What the exercise asks: All pictures are to be dropped, and the remaining data set down exactly.

Extracted data:
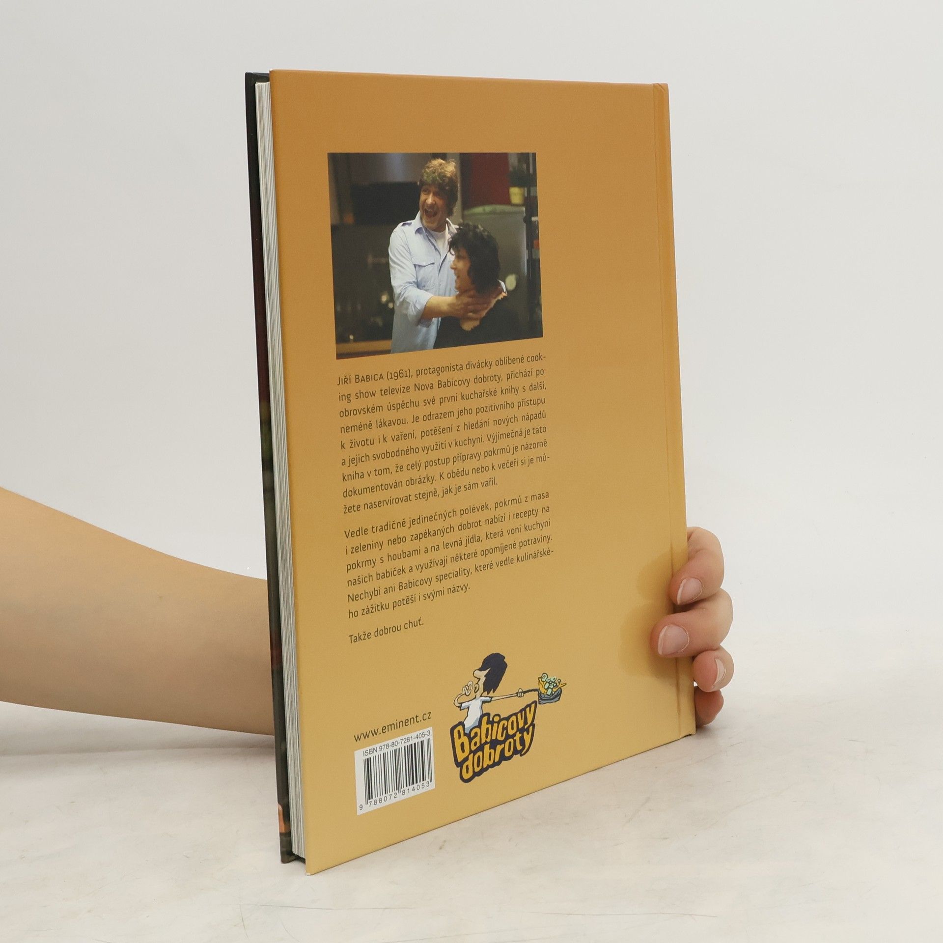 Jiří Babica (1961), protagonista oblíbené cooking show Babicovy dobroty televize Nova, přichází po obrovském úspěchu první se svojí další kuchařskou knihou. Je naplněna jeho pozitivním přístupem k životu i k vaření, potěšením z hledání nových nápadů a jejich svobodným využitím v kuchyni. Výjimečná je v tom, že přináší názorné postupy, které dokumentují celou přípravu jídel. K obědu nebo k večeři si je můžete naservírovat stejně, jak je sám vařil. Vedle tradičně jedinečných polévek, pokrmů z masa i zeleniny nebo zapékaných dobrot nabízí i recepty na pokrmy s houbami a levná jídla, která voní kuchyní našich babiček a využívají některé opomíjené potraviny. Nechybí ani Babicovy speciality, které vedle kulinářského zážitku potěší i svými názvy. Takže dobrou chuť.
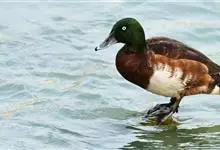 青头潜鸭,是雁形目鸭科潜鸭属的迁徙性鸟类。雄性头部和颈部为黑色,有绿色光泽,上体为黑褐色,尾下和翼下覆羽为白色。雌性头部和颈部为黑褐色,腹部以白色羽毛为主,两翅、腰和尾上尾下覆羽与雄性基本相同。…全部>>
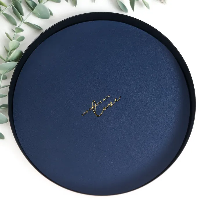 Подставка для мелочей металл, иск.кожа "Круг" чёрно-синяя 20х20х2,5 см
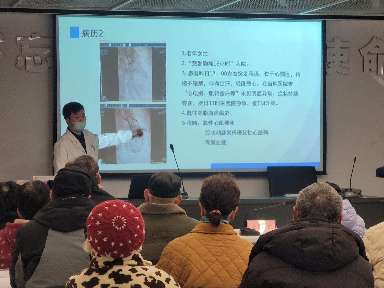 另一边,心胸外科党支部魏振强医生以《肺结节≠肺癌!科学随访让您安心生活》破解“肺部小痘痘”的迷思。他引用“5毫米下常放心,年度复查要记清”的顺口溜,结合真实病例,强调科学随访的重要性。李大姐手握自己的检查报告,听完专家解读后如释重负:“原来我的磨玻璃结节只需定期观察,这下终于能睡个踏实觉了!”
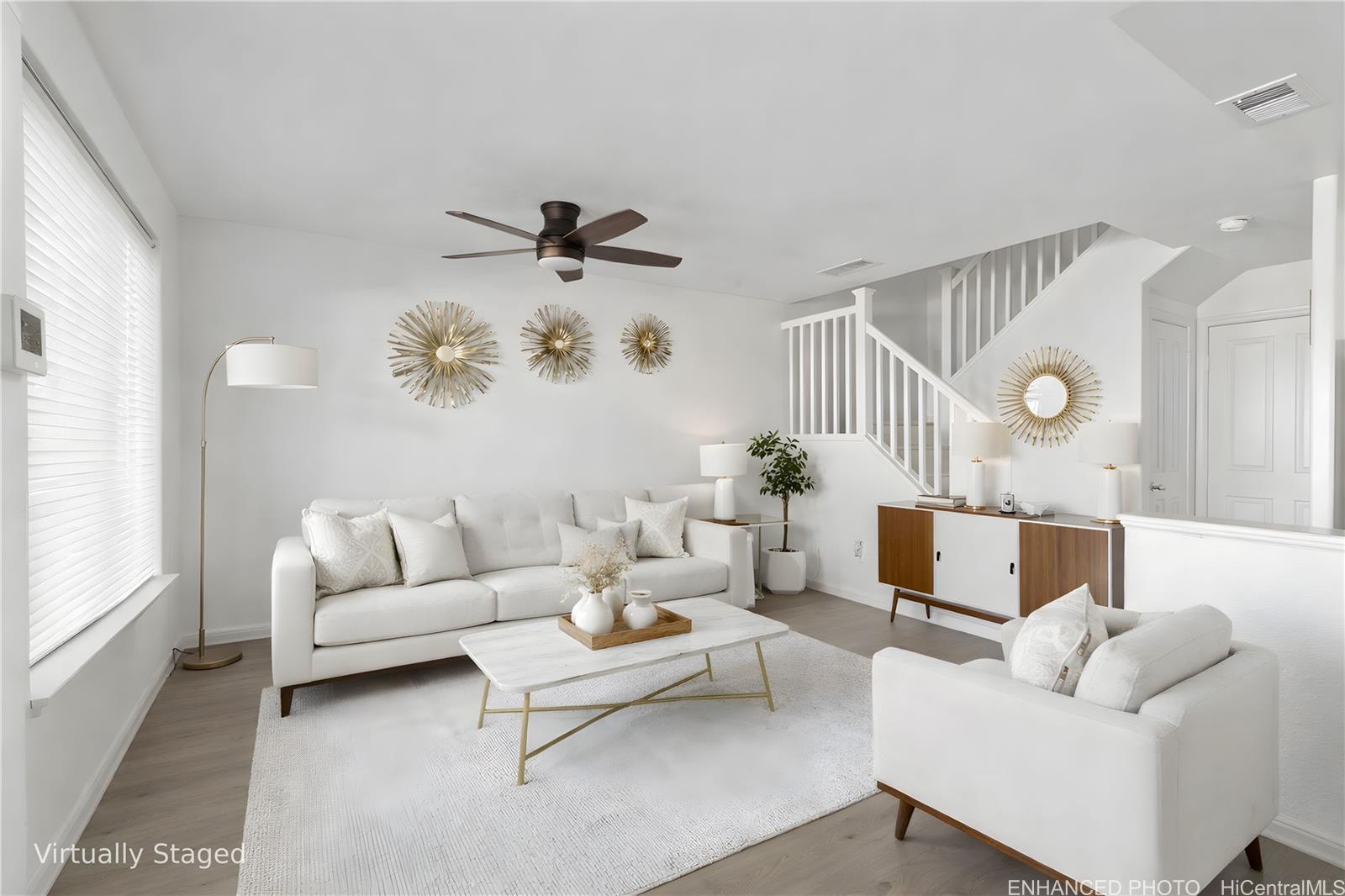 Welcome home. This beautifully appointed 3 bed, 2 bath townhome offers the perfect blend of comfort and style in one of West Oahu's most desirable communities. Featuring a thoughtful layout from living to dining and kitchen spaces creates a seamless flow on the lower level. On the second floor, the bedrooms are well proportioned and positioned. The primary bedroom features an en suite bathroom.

Reply:
 Jiří Babica (1961), protagonista oblíbené cooking show Babicovy dobroty televize Nova, přichází po obrovském úspěchu první se svojí další kuchařskou knihou. Je naplněna jeho pozitivním přístupem k životu i k vaření, potěšením z hledání nových nápadů a jejich svobodným využitím v kuchyni. Výjimečná je v tom, že přináší názorné postupy, které dokumentují celou přípravu jídel. K obědu nebo k večeři si je můžete naservírovat stejně, jak je sám vařil. Vedle tradičně jedinečných polévek, pokrmů z masa i zeleniny nebo zapékaných dobrot nabízí i recepty na pokrmy s houbami a levná jídla, která voní kuchyní našich babiček a využívají některé opomíjené potraviny. Nechybí ani Babicovy speciality, které vedle kulinářského zážitku potěší i svými názvy. Takže dobrou chuť.
 青头潜鸭,是雁形目鸭科潜鸭属的迁徙性鸟类。雄性头部和颈部为黑色,有绿色光泽,上体为黑褐色,尾下和翼下覆羽为白色。雌性头部和颈部为黑褐色,腹部以白色羽毛为主,两翅、腰和尾上尾下覆羽与雄性基本相同。…全部>>
 Подставка для мелочей металл, иск.кожа "Круг" чёрно-синяя 20х20х2,5 см
 另一边,心胸外科党支部魏振强医生以《肺结节≠肺癌!科学随访让您安心生活》破解“肺部小痘痘”的迷思。他引用“5毫米下常放心,年度复查要记清”的顺口溜,结合真实病例,强调科学随访的重要性。李大姐手握自己的检查报告,听完专家解读后如释重负:“原来我的磨玻璃结节只需定期观察,这下终于能睡个踏实觉了!”
 Welcome home. This beautifully appointed 3 bed, 2 bath townhome offers the perfect blend of comfort and style in one of West Oahu's most desirable communities. Featuring a thoughtful layout from living to dining and kitchen spaces creates a seamless flow on the lower level. On the second floor, the bedrooms are well proportioned and positioned. The primary bedroom features an en suite bathroom.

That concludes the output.